26 Haziran 2020 Cuma

ROCKETMAN





Bugüne kadar izlediğimiz biyografilerin en büyük ortak yanı müzisyenler hayatlarını kaybettikten sonra çekilmiş olmalarıdır. Aksi olarak akla gelebilecek örnek ise oldukça azdır. Örneğin “Tina: Aşkın Bununla Ne İlgisi Var”, Tina Turner’in kendi yazdığı otobiyografik romanından ve Turner yaşıyorken sinemaya uyarlanmış bir film. İnanılması güç derecede sarsıcı bir hayat hikâyesini perdeye yansıtan bu filmde aslında Turner, kendi hayatını ifşa etmiştir. Tıpkı “Rocketman”de Elton John’un yaptığı gibi. Peki, ama hangisi anlatılanlar açısından daha güvenilirdir? Bohemian Rhapsody gibi ikinci kişiler tarafından verilen bilgilerle çekilen biyografiler mi, yoksa “Rocketman”da olduğu gibi müzisyenin bizzat kendisinin referans olduğu biyografiler mi? Sanırım ikisinin de handikapları var.


“Rocketman”, ateş rengi ve oldukça abartılı bir şeytan kostümüyle kapıyı aralayarak koridoru adımlayan Elton John ile karşılıyor bizi. Adeta binlerce insanın çığlık çığlığa onu beklediği bir sahnenin yolunu adımlar gibi ilerleyen karakterimiz çok farklı bir yere götürüyor aslında bizi. Bir rehabilitasyon merkezinde grup terapi seansının ortasında buluveriyoruz kendimizi. Elton John’un hayatının en dibe vurduğu ve artık her şeyi kabullenip tekrar su yüzüne çıkmaya karar verdiği dönüm noktasını sınırı olarak benimsiyor film. Utangaç bir çocuk olarak tanıdığımız Reggie Dwight’in ismiyle (Elton Hercules John) birlikte karakterini ve tüm yaşantısını değiştirerek geçmişin korkularını arkasında bırakamadığına şahit oluyoruz.


Lakin John’un hayatının bu ilk yarısı oldukça trajik anlarla geliyor perdeye.

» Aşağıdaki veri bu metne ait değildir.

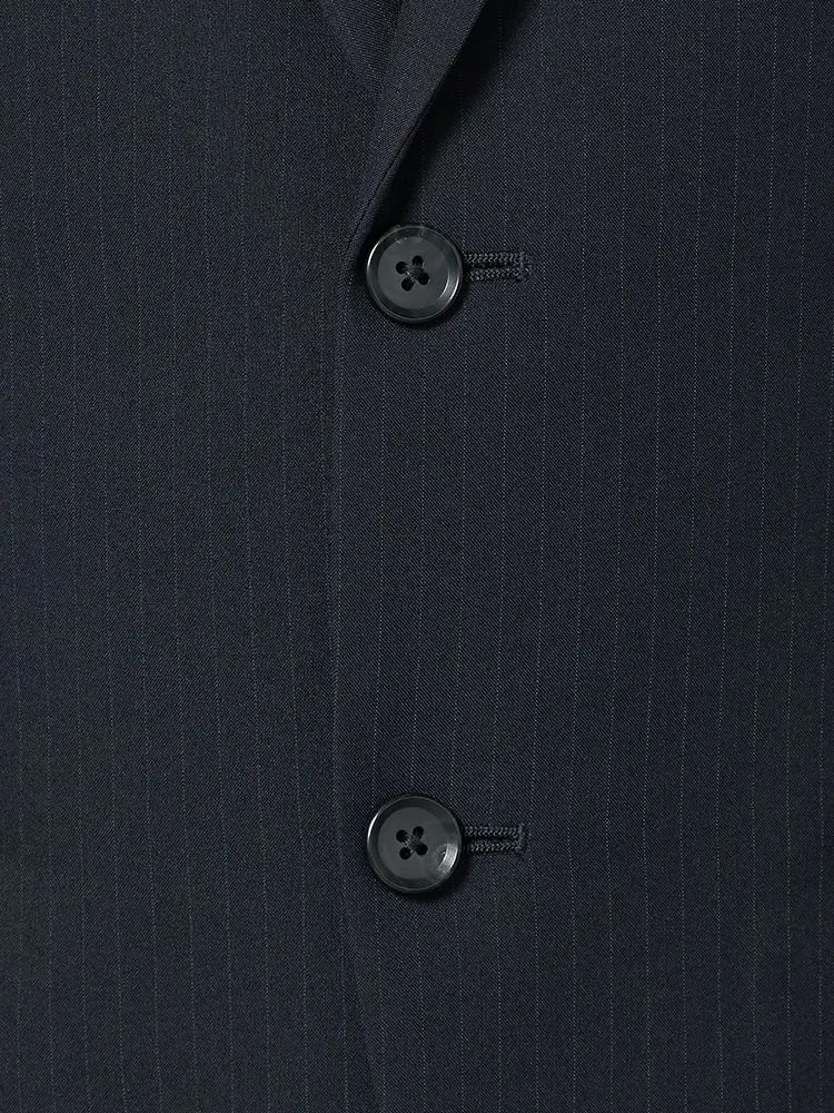【ウォッシャブル】スリーピーススーツ2つボタンウール混ノータックストライプnero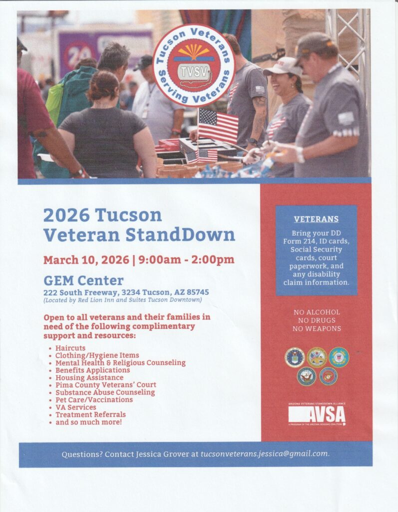 2026 Tucson Veteran StandDown, TOMORROW, March 10th from 9:00am to 2:00pm – see below: March 9, 2026March 9, 2026 Robin DeLozier Vet Resources, Veteran Issues, Veterans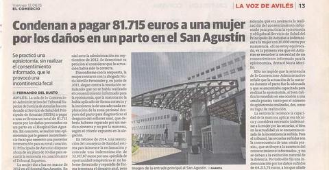 Todo lo anterior es consecuencia de la resolución de un recurso contencioso-administrativo que presentó una avilesina de 32 años a la que le practicaron una episiotomía en el Hospital San Agustín con resultados desastrosos. La mujer, a la que representa la letrada Nuria Morillo Fernández, sufrió debido a esa incisión (que en realidad fueron dos, algo que contraviene la praxis médica convencional) un gran desgarro vaginal y rectal que le afectó seriamente al esfínter anal y le dejó secuelas en forma de incontinencia de gases y heces. La tardanza de un año en reconstruirle la zona perpetuó -aunque atenuadas- esas secuelas y, por eso, el TSJA apreció negligencia médica y condenó a la Consejería de Salud abonar a la recurrente la cantidad de 74.215 euros más 7.500 en intereses devengados desde la fecha de los hechos. Previa a la acción contencioso-administrativa, la mujer había reclamado por la vía administrativa, pero sin éxito pues tanto la aseguradora como la Consejería desestimaron su queja.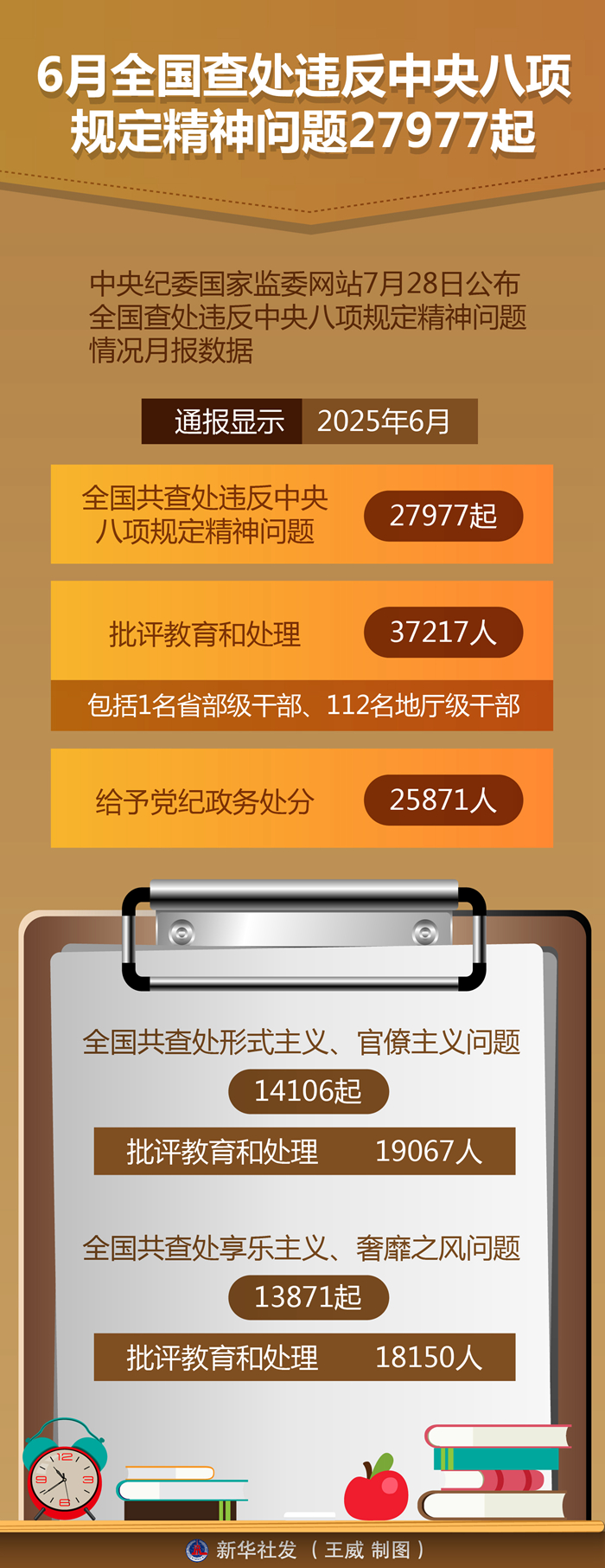 新華社北京7月28日電(記者孫少龍)中央紀(jì)委國家監(jiān)委網(wǎng)站28日公布全國查處違反中央八項(xiàng)規(guī)定精神問題情況月報(bào)數(shù)據(jù)。通報(bào)顯示,今年6月,全國共查處違反中央八項(xiàng)規(guī)定精神問題27977起,批評(píng)教育和處理37217人(包括1名省部級(jí)干部、112名地廳級(jí)干部),給予黨紀(jì)政務(wù)處分25871人。

Tıpkı seyirciyi etkisi altına almak isteyen birçok türdeşiyle aynı şiarla çekilmiş bir film “Rocketman”da aslında. Neyse ki filmin müzikal sahneleri her an seyircinin o ağır havadan sıyrılmasını sağlıyor. Elton John’a başarılı bir şekilde hayat veren Taron Egerton’un bizzat kendisinin seslendirdiği ve asla belli bir kronolojik sıra izlemeyen parçaların, öncesinde gelen sahnelerle olan uyumu ise oldukça başarılı. Hatta filme ismini veren “Rocket Man” parçasını tam da Elton’un Troubadour Club’da ayaklarının yerden kesilmesinden sonraki ilk büyük dibi buluşu olan, bilinçaltının en derinine indiği havuz sahnesinde dinliyoruz. Ne diyor Elton John: “Ateşleme fitili sönmek üzere, yukarıda tek başına.” Zira John, tek dostu, eserlerinin büyük bir çoğunluğunun söz yazarı Bernie Taupin’den (Jamie Bell) bile ayrı düşmüş ve tüm hayat enerjisini kaybetmiştir.


Yakın zamanda çekilen filmler olduğu ve iki büyük İngiliz müzisyeni perdeye yansıttığı için Bohemian Rhapsody ile çokça kıyaslanan “Rocketman” daha az sterilize edilmiş ve seyirciyi manipüle etmekten imtina eden bir film en başta. Elbette filmin yapımcıları arasında Elton John’un olması ve bir nevi kendi hayatını lanse etmesi filmin yeterince objektif olup olmadığı konusunda şüphe uyandırıyor. Yine de her ne kadar sevişme sahnelerinde başka yöne kaydırılan kameralardan kurtulamasak da eşcinsellik konusundaki dürüst tavrı, gözyaşlarının insiyatifine sığınmayan yapısı önemli bir yerde duruyor.

Bu yazı ilk olarak 2019 yılı Temmuz sayısında "Sinema Se7en"da yayınlanmıştır.